On the BitPay side the order goes Invoice Created > Paid in Full > Confirmed > Completed.

“Invoice Created” is the same as “Pending” on the GiveWP side. GiveWP is essentially waiting to see if the donor completes the transaction. Pending donations will automatically switch to abandoned after 7 days.

“Paid In Full” is the same as “Processing” on the GiveWP side. This is the status where the transaction has gone through, but not been confirmed. This mostly will happen on the larger and more popular coins mentioned above, but what’s happening behind the scenes is that BitPay is checking for “block confirmations” to make sure that the transaction went through irreversibly.

Once it’s confirmed, the status switches to “Confirmed” on BitPay’s side, and “Complete” on GiveWP’s side. That’s the point at which emails are triggered from GiveWP like the donation receipt and the New Donation notification. 

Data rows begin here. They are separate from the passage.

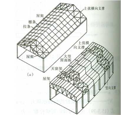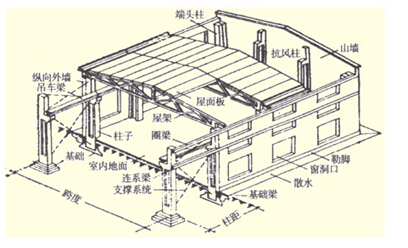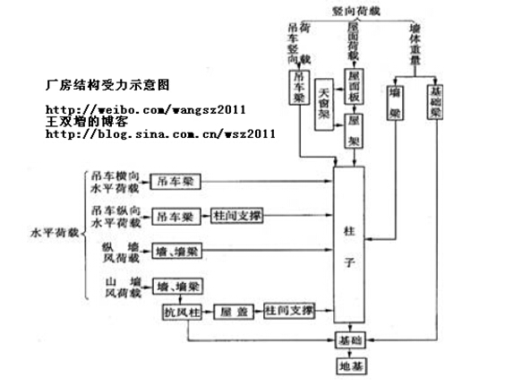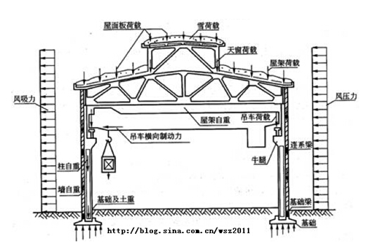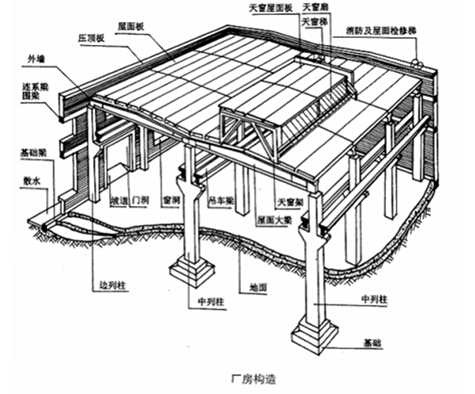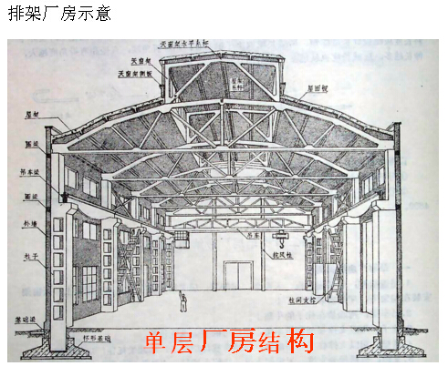 (1)橫向排架:由基礎、柱、屋架組成,主要是承受廠房的各種豎向荷載。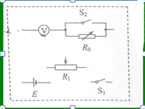 待测电压表(量程3V,内阻约为3000欧),电阻箱R0(最大阻值为99999.9欧),滑动变阻器R1(最大阻值100欧,额定电压2A),电源E(电动势6V,内阻不计),开关两个,导线若干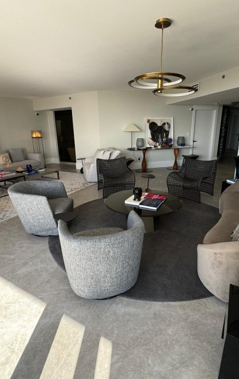 Stunning and fully renovated apartment with Spanish flooring in matte light gray porcelain throughout, a brand-new Monogram & Miele appliances, and granite stones imported from Brazil. All the bathrooms were redone from scratch, including all the finishing touches with the smallest details in good taste and sophistication of the showers, faucets all in matte black, giving a very modern sophistication. The view is both to the south, being able to see along the South Beach, the bay in the background with boats and from the rooms the view to the north of the bay, the Hard Rock hotel and casino, etc. The apartments are all decorated with almost unused furniture by a Brazilian architect. 16 tennis crts, pickleball crts, swimming pools, 2 floors of gym with classes, 3 wonderful restaurants!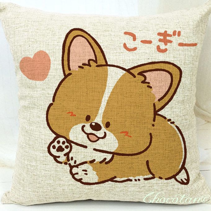 - 【送料無料】コーギー イラスト ⑥ クッションカバー【新品】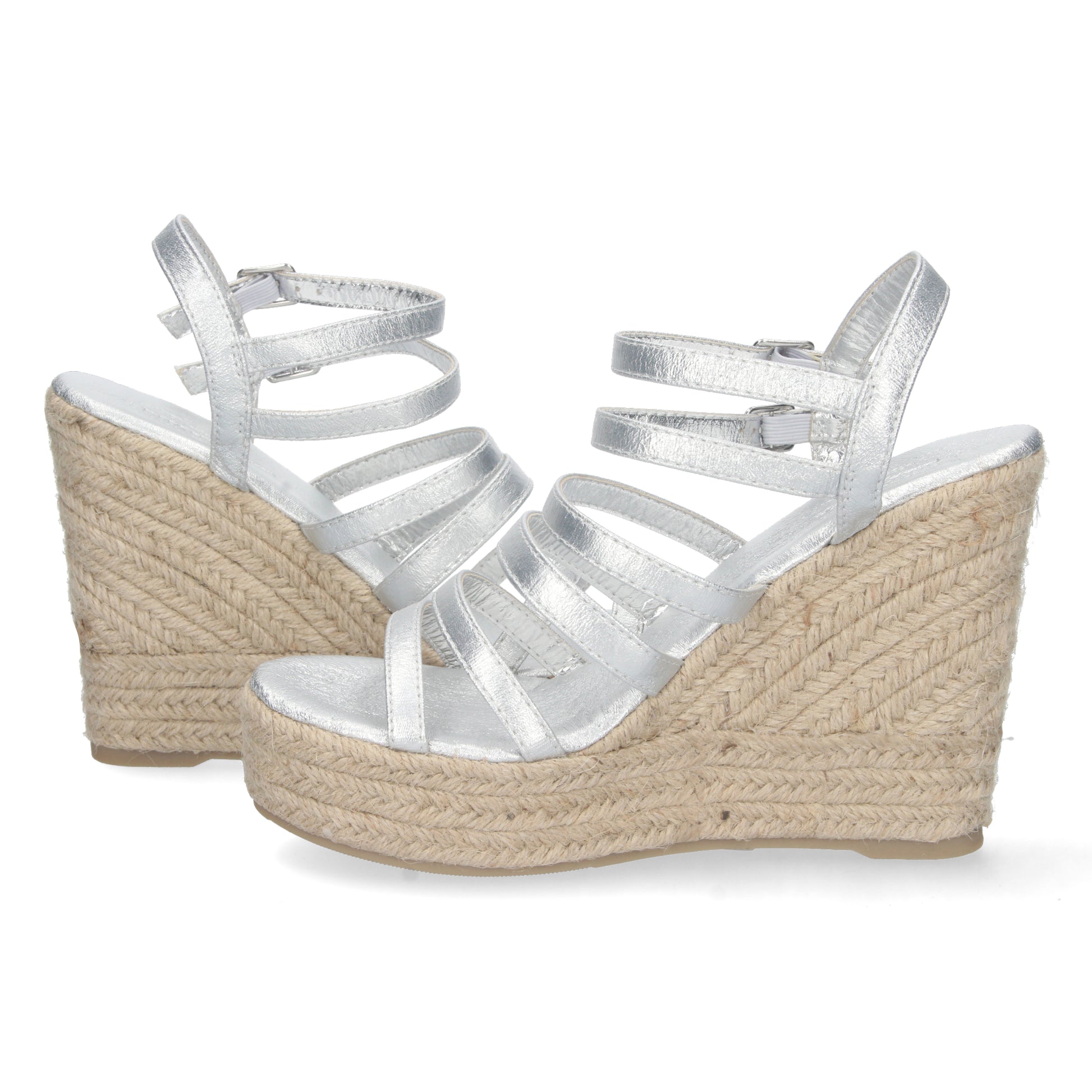 Sandalia de Cuña Alta para Mujer Comoda Forrado de Yute Tiras Finas por el Empeine y Doble Cierre de Hebilla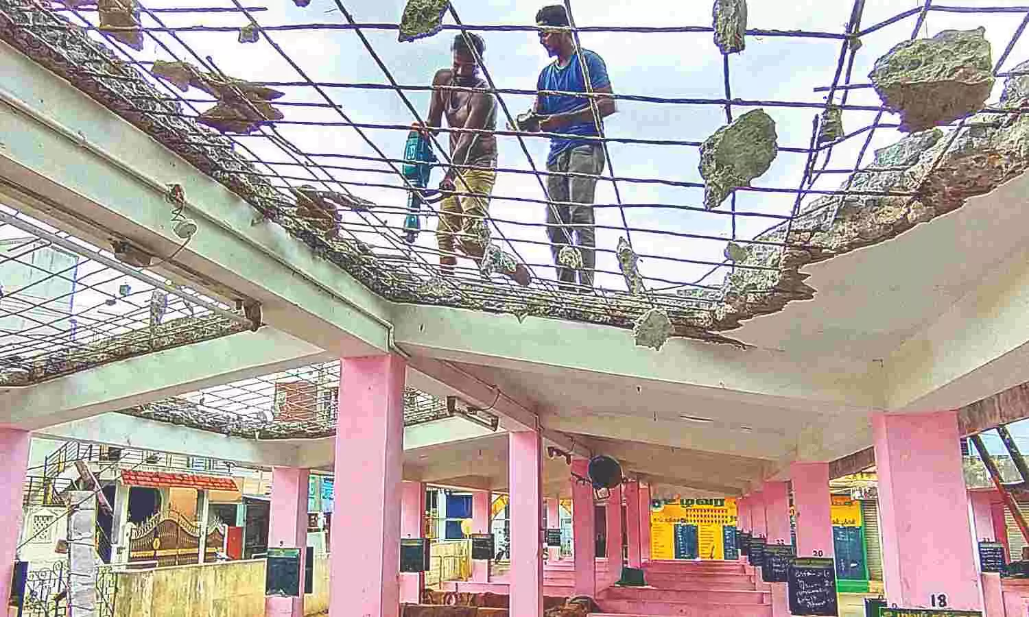 Renovation works under way at the Uzhavar Sandhai in Kagithapattarai, Vellore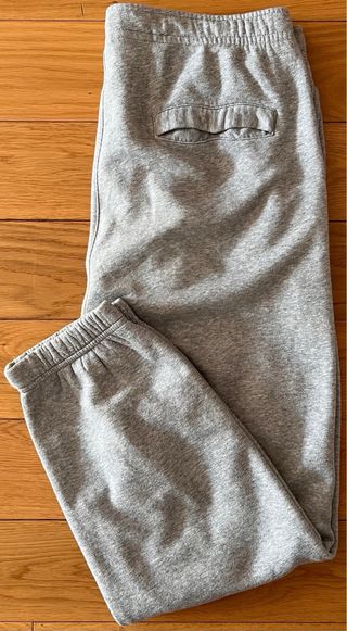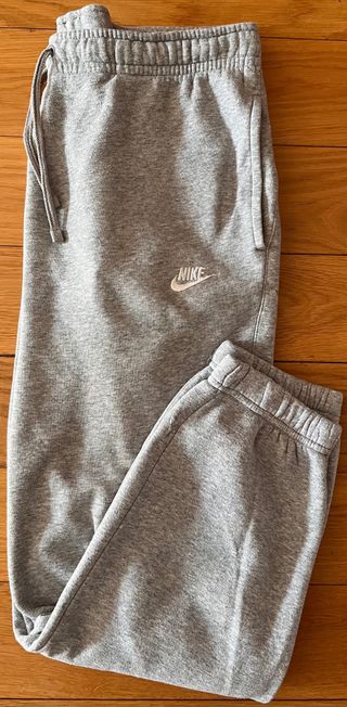 Pantalón de chándal Nike para hombre, de color gris. Presenta un diseño moderno y cómodo. - Cremallera lateral en uno de los bolsillos. - Cordón ajustable en la cintura. - Logo de Nike bordado en la parte frontal. - Todas las cremalleras funcionan - Tiene una pequeña mancha en la parte superior izquierda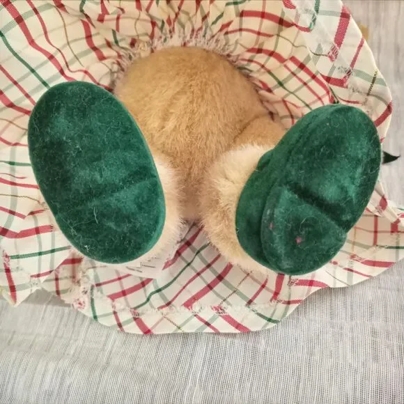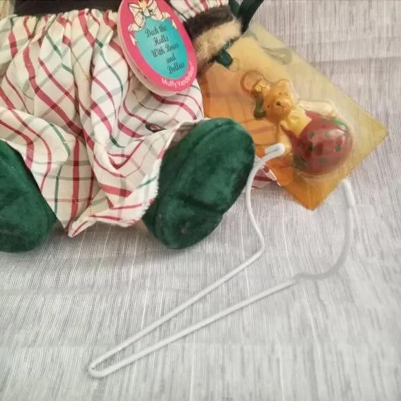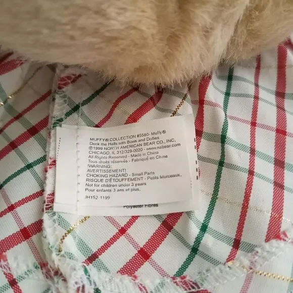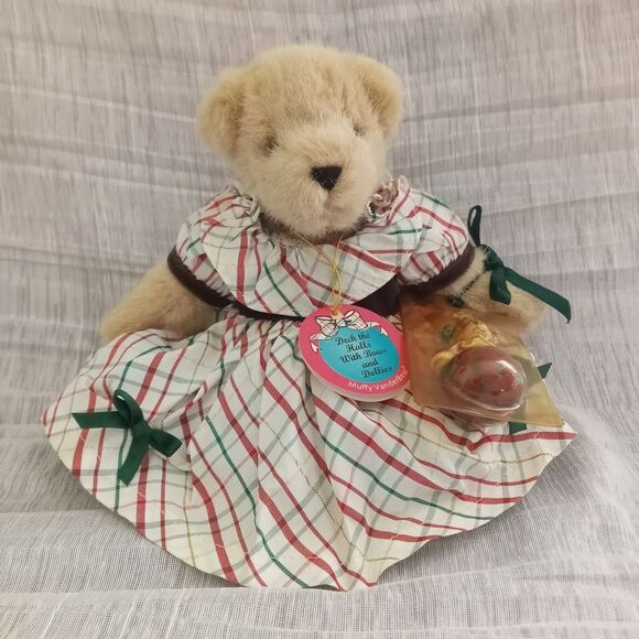 Vintage Muffy Vanderbear Stuffed Plush Bear, Deck the Halls with Bows and Dollies Collection, 1999. North American Bear Co Inc. RARE FIND! Adorable collectible bear has a crisp taffeta holiday dress in red, green, white gold metallic plaid, embellished with working buttons, puffy sleeves, neck ruffle, and green velvet ribbon. Her legs are jointed, and she has the cutest green velvet mary jane shoes, original tag, the original ornament still sealed, and a stand / hanger. Very Good Vintage Condition. Ornament packaging is sealed but has yellowed over time. Dress has a couple of very faint discolored areas, some laundry TLC may remove them. Smoke Free Home.Item#35660 Bin 15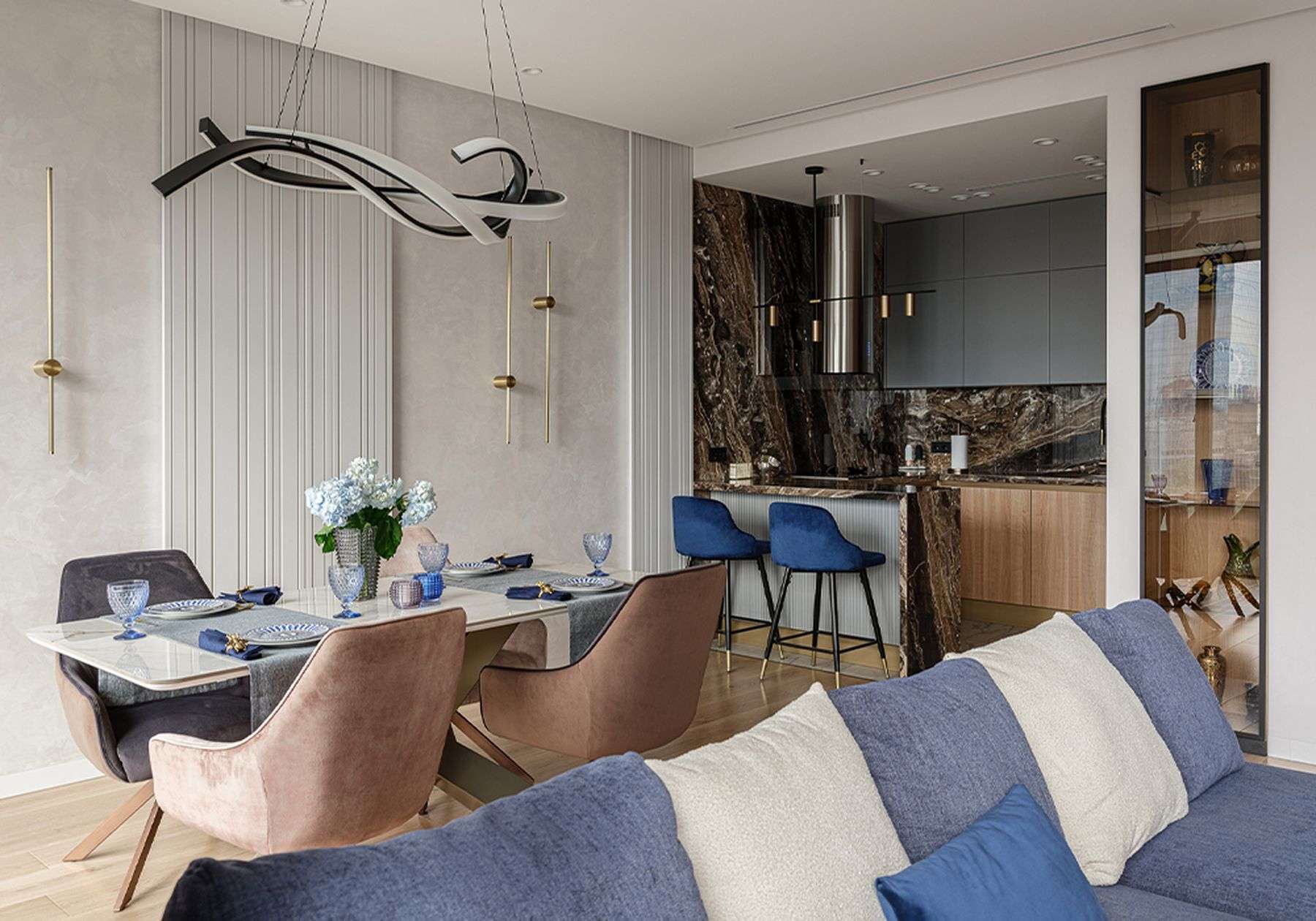 - Визуально отделить кухонную зону от гостиной, сохранив ощущение простора.

The length of time between “Paid in Full” and “Confirmed” varies based on the wallets in use and the type of currency selected. If donors aren’t getting their receipt, it either means that the transaction is not confirmed on BitPay’s side, or that something is blocking communication between your bitpay account and your site. 

Admin Experience

When a BitPay-powered donation comes in, it follows the status journey outlined above. Admin New Donation notifications are not sent until the donation is marked as “complete.”

When a donation is complete, the exchange rate that BitPay uses is recorded on the individual donation as a note, so that site administrators can see the exchange rate at the time of donation. You can set the currency that BitPay converts donations to (fiat and other crypto currencies are supported) and the number recorded as a note is the conversion from the currency they donated in and the currency you withdraw in. 

Testing BitPay

Testing BitPay is a more involved process than testing other gateways, since in order to test a blockchain-based gateway, you have to use real (but worthless) cryptocurrency. 

First, sign up for test.bitpay.com, which is a fully-functional mirror of a live BitPay account (so you follow the same instructions as above, but instead of having to go through the approval process of a business account, they are auto-approved.

Once you’re entered the test API token into the settings at Donations > Settings > Payment Gateways > BitPay, ensure that you’ve enabled GiveWP test mode, and that sets you up to test BitPay.

In order to do that, you’ll need a wallet with Test Bitcoin (tBTC) and the process to getting ahold of that is outlined in BitPay’s testing docs.

The important part is that you need a wallet that supports Testnet coins, and then to mine some testnet coins. That process is a bit cumbersome, but once you get a wallet with testnet coins in it, you can test making donations with it. Two tips:

  1. Use very small test donation amounts, since you can’t mine more than a very small amount of testnet coins at a time, and they are a finite resource (and an actual coin, creating an actual carbon footprint when you transact with them!
  2. Refunds take a while, (see below) so make sure to test carefully and don’t assume that you’ll be able to undo things quickly. It’s a real transaction on a real blockchain, even though the coin is worth nothing.